Антон Тимофеевич заулыбался, считая, что начало проверки он вполне выдержал.
А выдержал он совершенно случайно большее.
— Отдыхай, друже Цыган, весь день можешь спать,— предложил Буча и пояснил: — В ночь уйдем. Дорога у нас трудная.
Хозяйка пригласила Василия Васильевича завтракать в беседку. Обычно она ставила ему по уговору большую кружку парного молока, клала немного хлеба — ел постоялец мало, этого ему хватало до обеда. Обедал и ужинал Киричук в городе, иногда приходил в дневной перерыв отдохнуть немного. А так все время на работе, никогда не прекращал ее и в положенный для сна полуночный час.
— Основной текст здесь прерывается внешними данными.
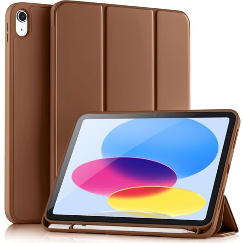 Vobafe Hülle Kompatibel mit iPad A16 11/10 Generation (Modell 2025/2022, 10,9/11 Zoll), Flexible TPU Rückseite, stoßfeste Schutzhülle mit stifthalter, Auto Schlafen/Wachen, Braun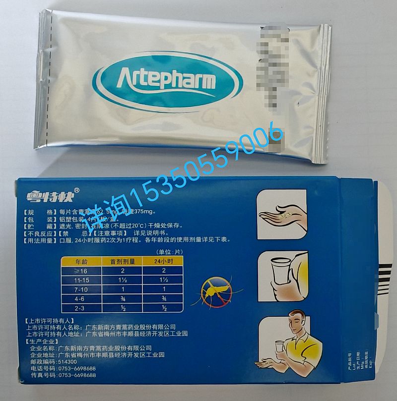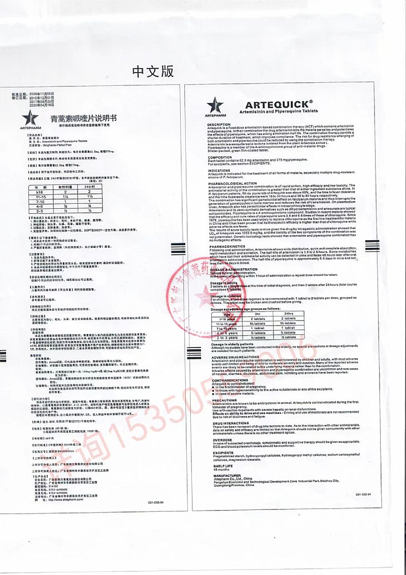 | 主要成分 | 本品為復(fù)方制劑,其組份為:每片含青蒿素62.5mg,哌喹375mg。 |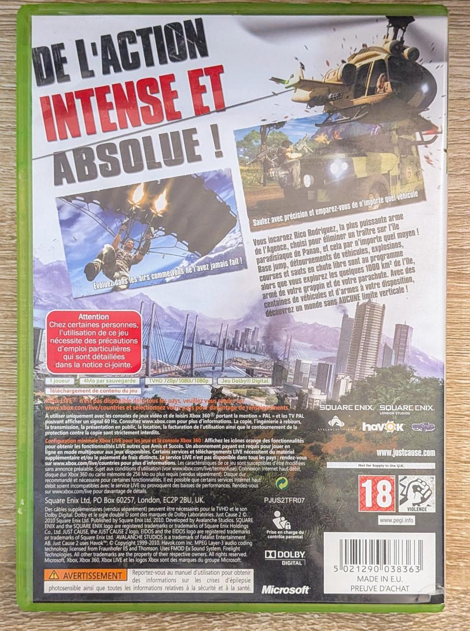 L3 - Just Cause 2 Xbox 360 - EAN : 5021290038363 - ARTICLE OCCASION EN TRES BON ETAT GÉNÉRAL - BOITIER ORIGINAL XBOX 360 - JEUX JOUABLE EN FRANCAIS - LIVRAISON ULTRA RAPIDE EN COLIS SUIVI PROTÈGE - COVER FR - COMPLET CIB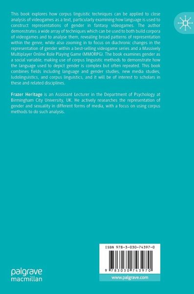 This book explores how corpus linguistic techniques can be applied to close analysis of videogames as a text, particularly examining how language is used to construct representations of gender in fantasy videogames. The author demonstrates a wide array of techniques which can be used to both build corpora of videogames and to analyse them, revealing broad patterns of representation within the genre, while also zooming in to focus on diachronic changes in the representation of gender within a best-selling videogame series and a Massively Multiplayer Online Role Playing Game (MMORPG). The book examines gender as a social variable, making use of corpus linguistic methods to demonstrate how the language used to depict gender is complex but often repeated. This book combines fields including language and gender studies, new media studies, ludolinguistics, and corpus linguistics, and it will be of interest to scholars in these and related disciplines.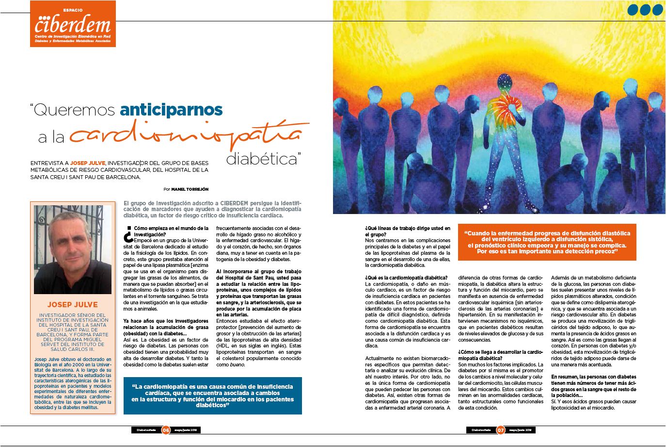 El último número de la revista DiabetesFEDE (mayo-junio 2018), dentro del espacio que dedica al CIBERDEM, recoge una entrevista al investigador del CIBERDEM Josep Julve, del grupo liderado por Francisco Blanco Vaca en Hospital Sant Pau de Barcelona.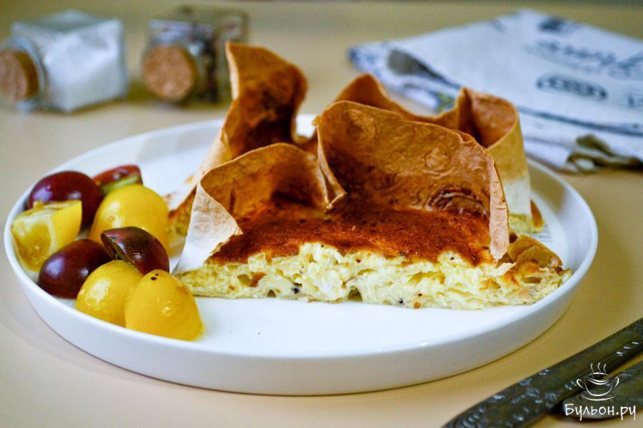 Если вы готовите на завтрак блюда из яиц, приготовьте омлет с сыром в лаваше. Кстати, не обязательно готовить омлет в аэрогриле, прекрасно подойдет и духовка. Нежный омлет, в сочетании с расплавленным сыром и хрустящим запеченным лавашом, придется по вкусу многим. Запеченный омлет, поданный в лаваше, очень похож на омлет в своеобразной тарелочке. Сыр можно взять любой твердый, типа Российского, или же взять Моцареллу, главное, чтобы сыр хорошо плавился. В омлет, кроме сыра, можно добавить мелко нарезанную колбасу, вареное мясо или курицу - это придаст омлету сытность и вкус.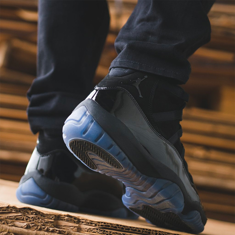 酷黑笼罩的鞋身,后跟 Jumpman Logo 采用类似金属的质感呈现,对于广大喜欢小黑鞋的玩家来说,黑鞋能应对各种场合,怎么穿都有绝佳的气质表现,肯定是必入款。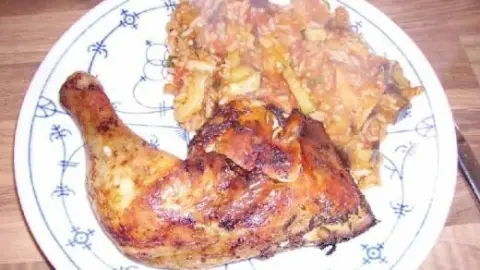 Dazu habe ich eine gebratene Hähnchenkeule serviert, Fleisch kann aber auch mit geschmort werden oder um es vegetarisch zu halten, serviert man es mit mehr Reis oder Sättigungsbeilagen wie Kartoffeln oder als Gemüse-Soße auf Nudeln. Natürlich kann man es auch pur genießen ;)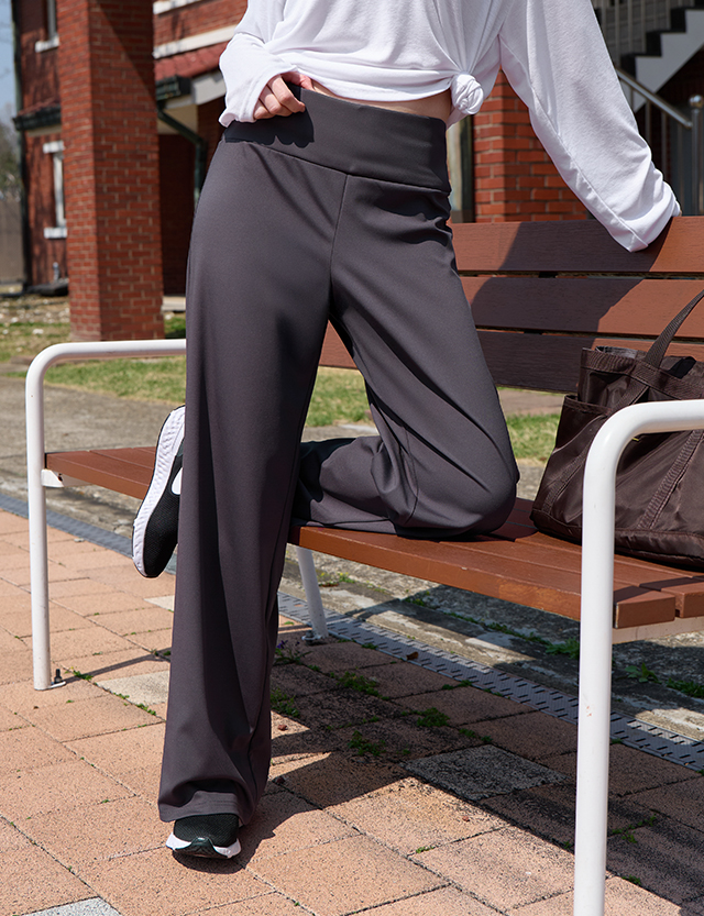 · 허벅지부터 자연스럽게 떨어지는 와이드 핏으로 하체 라인 커버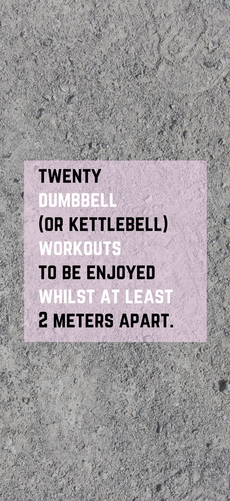 Twenty single dumbbells (or kettlebell) workouts to be enjoyed whilst at least 2 meters apart.

Сейчас он увидел на столе сковородку с поджаренным и залитым яйцом мясом, тарелку с солеными помидорами и огурцами.
— Сидайте, кушайте, Василий Васильевич, сынка моего помянем, год как схоронила.
— Сочувствую, Степанида Ивановна. Пусть земля ему будет пухом!
Как нарочно, времени для завтрака нынче осталось меньше обычного, и женщину обидеть нельзя.
— Знал я о вашем горе, Степанида Ивановна, не спрашивал — коснуться боялся. Вы уж извините за эту сухость.
— Какое извинение, спасибо, наоборот... Все думала, сыновей своих привезете,— тяжело вздохнула она,— я бы за ними, как за своими. Что же не едут они?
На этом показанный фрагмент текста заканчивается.